Action item:
Lines outside the range are not wanted. Give again exactly the lines between the line holding "Osnova je jednostavna, bez" and the line holding "아래 그림처럼 최초 2초간", inclusive, from the listing below.

Data supplied:
◇ ◇ ◇ ◇ ◇
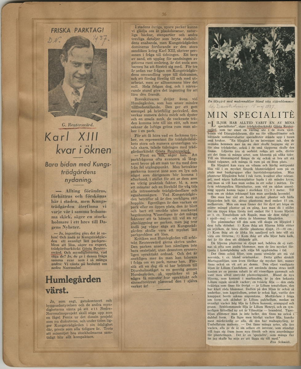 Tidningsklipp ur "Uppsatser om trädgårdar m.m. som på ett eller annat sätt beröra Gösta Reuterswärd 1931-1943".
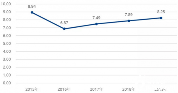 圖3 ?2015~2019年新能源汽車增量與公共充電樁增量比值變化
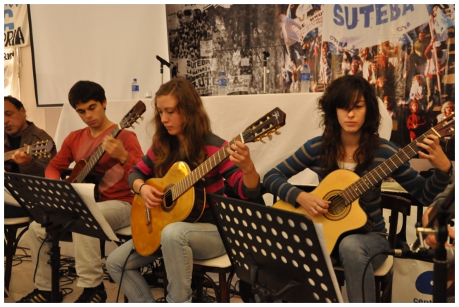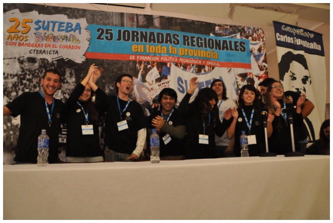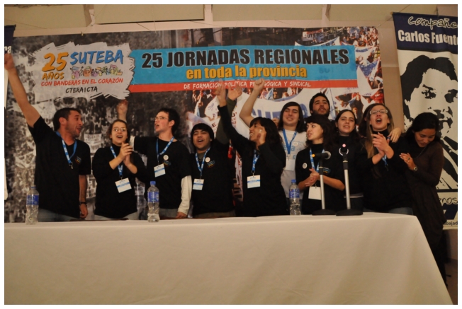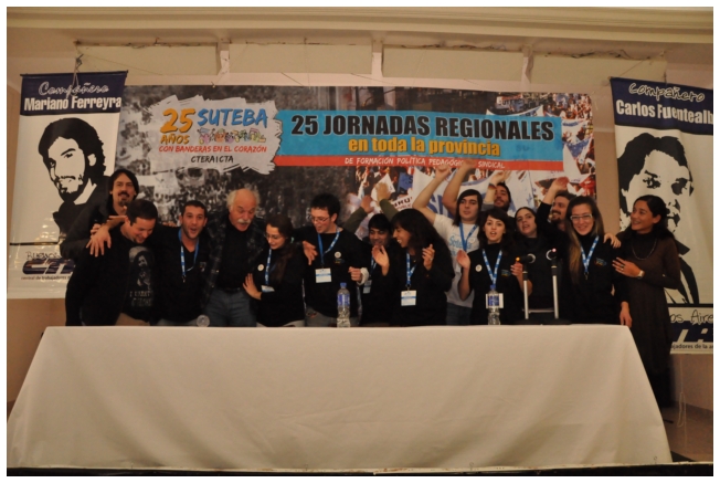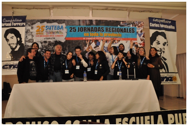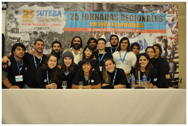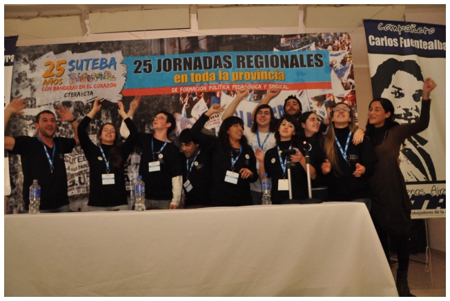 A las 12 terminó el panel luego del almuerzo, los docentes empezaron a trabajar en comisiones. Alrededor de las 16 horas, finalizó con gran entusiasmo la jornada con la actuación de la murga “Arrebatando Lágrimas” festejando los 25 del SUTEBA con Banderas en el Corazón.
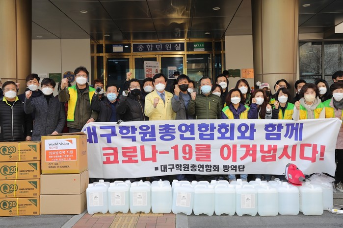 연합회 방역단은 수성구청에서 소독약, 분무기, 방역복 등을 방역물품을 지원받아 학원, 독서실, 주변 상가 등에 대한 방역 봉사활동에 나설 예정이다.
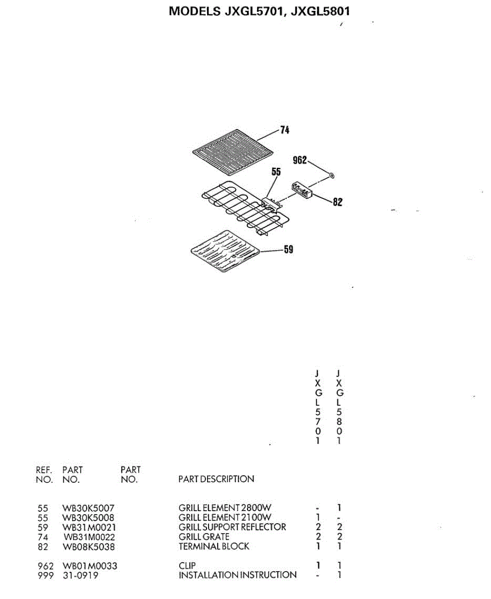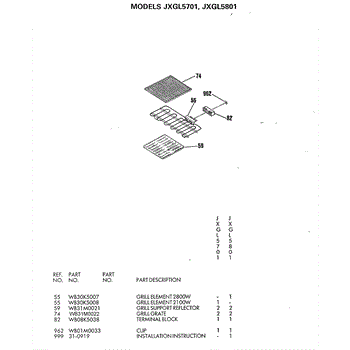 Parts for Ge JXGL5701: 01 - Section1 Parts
◇ ◇ ◇ ◇ ◇
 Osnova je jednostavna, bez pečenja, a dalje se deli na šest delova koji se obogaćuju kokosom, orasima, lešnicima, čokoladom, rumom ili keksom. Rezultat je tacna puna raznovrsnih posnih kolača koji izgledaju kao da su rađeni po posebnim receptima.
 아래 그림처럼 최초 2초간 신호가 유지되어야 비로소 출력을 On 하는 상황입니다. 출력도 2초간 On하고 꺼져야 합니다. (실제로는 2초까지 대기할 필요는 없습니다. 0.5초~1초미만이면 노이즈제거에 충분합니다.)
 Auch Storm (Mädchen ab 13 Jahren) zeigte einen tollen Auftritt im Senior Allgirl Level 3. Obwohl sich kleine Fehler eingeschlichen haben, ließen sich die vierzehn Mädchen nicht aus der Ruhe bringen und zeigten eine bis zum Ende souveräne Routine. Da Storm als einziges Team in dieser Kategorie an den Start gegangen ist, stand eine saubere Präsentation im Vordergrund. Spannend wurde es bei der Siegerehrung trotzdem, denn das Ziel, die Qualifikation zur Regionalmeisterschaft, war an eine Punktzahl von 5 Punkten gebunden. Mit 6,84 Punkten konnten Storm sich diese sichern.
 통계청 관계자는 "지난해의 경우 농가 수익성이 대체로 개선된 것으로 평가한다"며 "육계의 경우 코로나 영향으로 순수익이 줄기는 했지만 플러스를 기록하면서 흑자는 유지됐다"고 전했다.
◇ ◇ ◇ ◇ ◇
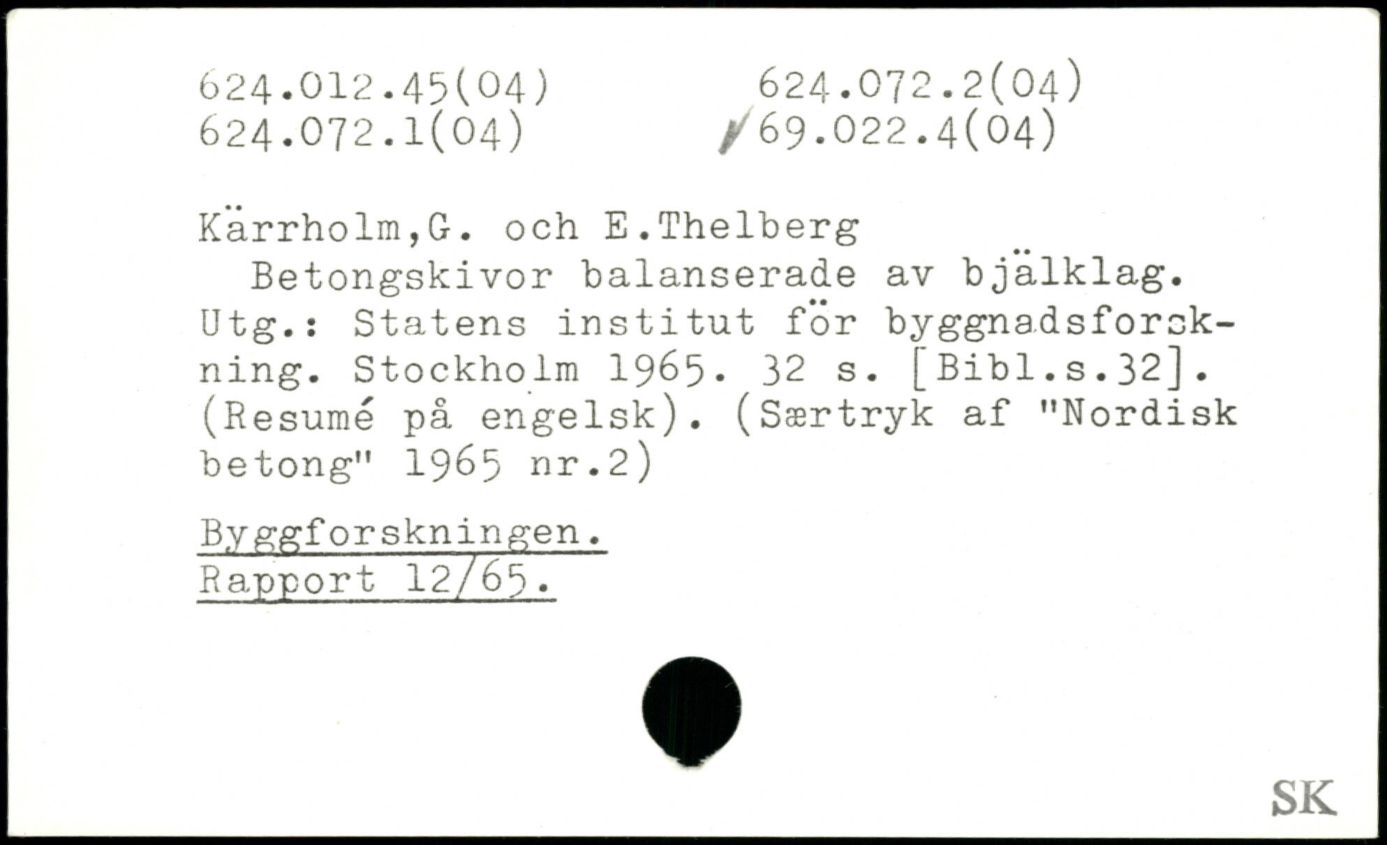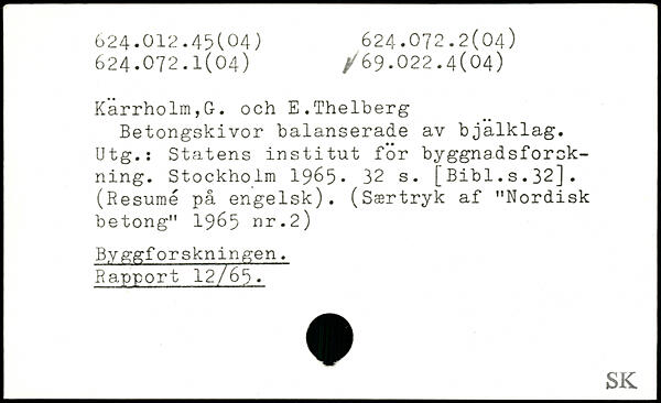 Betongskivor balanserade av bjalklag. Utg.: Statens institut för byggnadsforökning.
◇ ◇ ◇ ◇ ◇
Solution to this exercise:
 Osnova je jednostavna, bez pečenja, a dalje se deli na šest delova koji se obogaćuju kokosom, orasima, lešnicima, čokoladom, rumom ili keksom. Rezultat je tacna puna raznovrsnih posnih kolača koji izgledaju kao da su rađeni po posebnim receptima.
 아래 그림처럼 최초 2초간 신호가 유지되어야 비로소 출력을 On 하는 상황입니다. 출력도 2초간 On하고 꺼져야 합니다. (실제로는 2초까지 대기할 필요는 없습니다. 0.5초~1초미만이면 노이즈제거에 충분합니다.)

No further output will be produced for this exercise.